Link source i D link target ID
1 2,3, 4, 5, 7
2 1
3 1,2
4 2,3,5
5 1,3,4,6
6 1,5
7 5
The adjacency row of the link relationship represented in this adjacency list is the 7x7 of the following columns. A row of only elements 0 and 1-bit graphs (bitmap matrix). Landscape view of line I indicates the file ID from the file I forward link.

A = [
0, 1, 1, 1, 1, 0, 1;
1, 0, 0, 0, 0, 0, 0;
1, 1, 0, 0, 0, 0, 0;
0, 1, 1, 0, 1, 0, 0;
1, 0, 1, 1, 0, 1, 0;
1, 0, 0, 0, 1, 0, 0;
0, 0, 0, 0, 1, 0, 0;
]
The PageRank of the passage probability ranks M, which is obtained after the inversion of A is inverted by dividing the values by their respective non 0 elements. The following is the 7x7 of the square. Landscape view of the non-0 elements in line I indicates a file ID (the reverse link source for file i) that points to the file I link. Note that the sum of the values of each column is 1 (full probability).

M = [
0, 1, 1/2, 0, 1/4, 1/2, 0;
1/5, 0, 1/2, 1/3, 0, 0, 0;
1/5, 0, 0, 1/3, 1/4, 0, 0;
1/5, 0, 0, 0, 1/4, 0, 0;
1/5, 0, 0, 1/3, 0, 1/2, 1;
0, 0, 0, 0, 1/4, 0, 0;
1/5, 0, 0, 0, 0, 0, 0;
]
Represents the PageRank vector r (queue for the number of levels of each page), the relationship between r = CMR (c is quantitative). In this case, R corresponds to the intrinsic vector in the linear algebra, and C corresponds to the reciprocal of the corresponding characteristic value. In order to get R, it is OK to decompose this square row M as an attribute value.
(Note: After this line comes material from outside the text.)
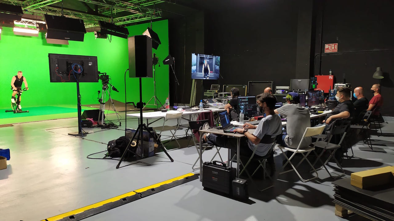 Usando diferentes cámaras 4K dentro de este entorno virtual (cámaras grúa, así como cámaras controladas por control remoto de Xbox One), la formación de Les Mills se retransmitió en tiempo real vía streaming gracias a la tecnología WebRTC de cero latencia proporcionada por StreamNinja, la cual permite hacer streamings con tan solo 0.5 segundos de delay y en 4K.

There are various numerical methods in the decomposition of the characteristic values, but this article will not be here to elaborate on the various ways to read an appropriate textbook (there must have been a textbook buried in your summer vacation). In this case, we will use the summary GNU Octave to actually compute the attribute value and the intrinsic vector.

(* Note) The GNU Octave is a programming language that supports numerical computing, similar to the descriptive and excellent MATLAB. The extended processing language is more suitable for row and column calculus, but it is basically similar to the language wind in C, so it is very readable. Of course, besides Octave MATLAB and Scilab are also very good language, but according to the GPL, Octave is the easiest to get.

Related Article

Contact Us

The content source of this page is from Internet, which doesn't represent Alibaba Cloud's opinion; products and services mentioned on that page don't have any relationship with Alibaba Cloud. If the content of the page makes you feel confusing, please write us an email, we will handle the problem within 5 days after receiving your email.

If you find any instances of plagiarism from the community, please send an email to: info-contact@alibabacloud.com and provide relevant evidence. A staff member will contact you within 5 working days.

A Free Trial That Lets You Build Big!

Start building with 50+ products and up to 12 months usage for Elastic Compute Service

  • Sales Support

    1 on 1 presale consultation

  • After-Sales Support

    24/7 Technical Support 6 Free Tickets per Quarter Faster Response

  • Alibaba Cloud offers highly flexible support services tailored to meet your exact needs.